> [Work task] Using the listing below, copy exactly each line from the one that has "2. To make the" through the one that has "Rozładunek ciężarówki z"; omit the pictures.

> [Recorded information]
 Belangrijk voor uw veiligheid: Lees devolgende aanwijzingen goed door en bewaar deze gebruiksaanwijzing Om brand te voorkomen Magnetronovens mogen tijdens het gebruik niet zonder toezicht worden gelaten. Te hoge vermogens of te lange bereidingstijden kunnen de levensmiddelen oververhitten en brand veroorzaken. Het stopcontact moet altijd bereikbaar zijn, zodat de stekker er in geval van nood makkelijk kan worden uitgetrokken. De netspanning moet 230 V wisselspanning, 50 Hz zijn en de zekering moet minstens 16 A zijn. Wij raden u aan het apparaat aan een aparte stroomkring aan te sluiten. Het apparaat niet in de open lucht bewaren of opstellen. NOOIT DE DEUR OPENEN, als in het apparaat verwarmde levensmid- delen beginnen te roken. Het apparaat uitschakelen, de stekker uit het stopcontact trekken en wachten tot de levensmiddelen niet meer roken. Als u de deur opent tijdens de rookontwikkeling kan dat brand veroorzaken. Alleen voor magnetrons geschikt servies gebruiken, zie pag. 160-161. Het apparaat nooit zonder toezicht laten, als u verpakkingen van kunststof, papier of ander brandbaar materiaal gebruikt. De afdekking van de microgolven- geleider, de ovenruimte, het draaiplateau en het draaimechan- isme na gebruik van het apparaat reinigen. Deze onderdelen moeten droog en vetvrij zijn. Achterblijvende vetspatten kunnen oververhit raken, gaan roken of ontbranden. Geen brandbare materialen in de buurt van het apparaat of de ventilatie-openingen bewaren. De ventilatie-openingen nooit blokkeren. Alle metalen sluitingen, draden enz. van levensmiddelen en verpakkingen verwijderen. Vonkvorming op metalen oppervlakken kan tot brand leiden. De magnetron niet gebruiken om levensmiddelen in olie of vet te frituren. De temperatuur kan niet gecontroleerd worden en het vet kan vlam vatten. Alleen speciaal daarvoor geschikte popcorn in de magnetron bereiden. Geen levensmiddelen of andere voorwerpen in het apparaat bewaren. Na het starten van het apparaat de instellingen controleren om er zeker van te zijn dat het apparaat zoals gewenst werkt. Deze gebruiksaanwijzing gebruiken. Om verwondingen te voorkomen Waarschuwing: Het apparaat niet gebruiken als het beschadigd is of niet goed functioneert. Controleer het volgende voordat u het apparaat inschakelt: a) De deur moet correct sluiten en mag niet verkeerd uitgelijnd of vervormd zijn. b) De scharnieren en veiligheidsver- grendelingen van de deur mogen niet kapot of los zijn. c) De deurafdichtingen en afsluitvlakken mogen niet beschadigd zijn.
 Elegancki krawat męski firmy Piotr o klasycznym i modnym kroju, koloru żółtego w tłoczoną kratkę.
---
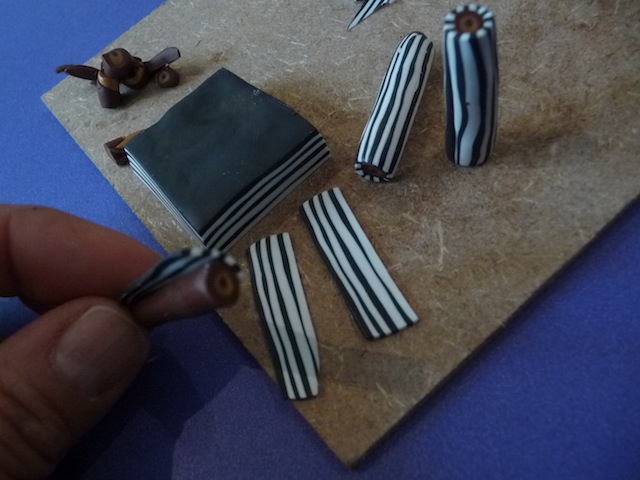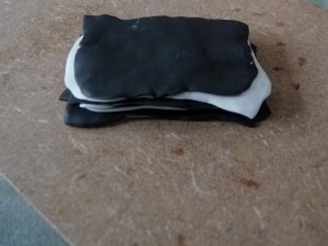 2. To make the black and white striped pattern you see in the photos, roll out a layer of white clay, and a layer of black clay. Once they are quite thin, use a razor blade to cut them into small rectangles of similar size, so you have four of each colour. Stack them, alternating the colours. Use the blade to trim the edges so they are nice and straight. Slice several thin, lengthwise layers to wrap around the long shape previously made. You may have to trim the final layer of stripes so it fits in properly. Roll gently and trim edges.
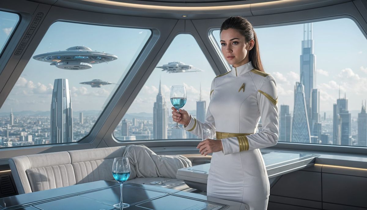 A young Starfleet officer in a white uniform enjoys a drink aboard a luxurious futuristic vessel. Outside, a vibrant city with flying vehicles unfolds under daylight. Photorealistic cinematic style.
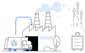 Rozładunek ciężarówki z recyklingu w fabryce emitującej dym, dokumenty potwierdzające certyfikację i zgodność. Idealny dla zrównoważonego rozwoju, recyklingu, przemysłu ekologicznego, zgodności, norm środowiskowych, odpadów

> [Solved exercise]
 2. To make the black and white striped pattern you see in the photos, roll out a layer of white clay, and a layer of black clay. Once they are quite thin, use a razor blade to cut them into small rectangles of similar size, so you have four of each colour. Stack them, alternating the colours. Use the blade to trim the edges so they are nice and straight. Slice several thin, lengthwise layers to wrap around the long shape previously made. You may have to trim the final layer of stripes so it fits in properly. Roll gently and trim edges.
 A young Starfleet officer in a white uniform enjoys a drink aboard a luxurious futuristic vessel. Outside, a vibrant city with flying vehicles unfolds under daylight. Photorealistic cinematic style.
 Rozładunek ciężarówki z recyklingu w fabryce emitującej dym, dokumenty potwierdzające certyfikację i zgodność. Idealny dla zrównoważonego rozwoju, recyklingu, przemysłu ekologicznego, zgodności, norm środowiskowych, odpadów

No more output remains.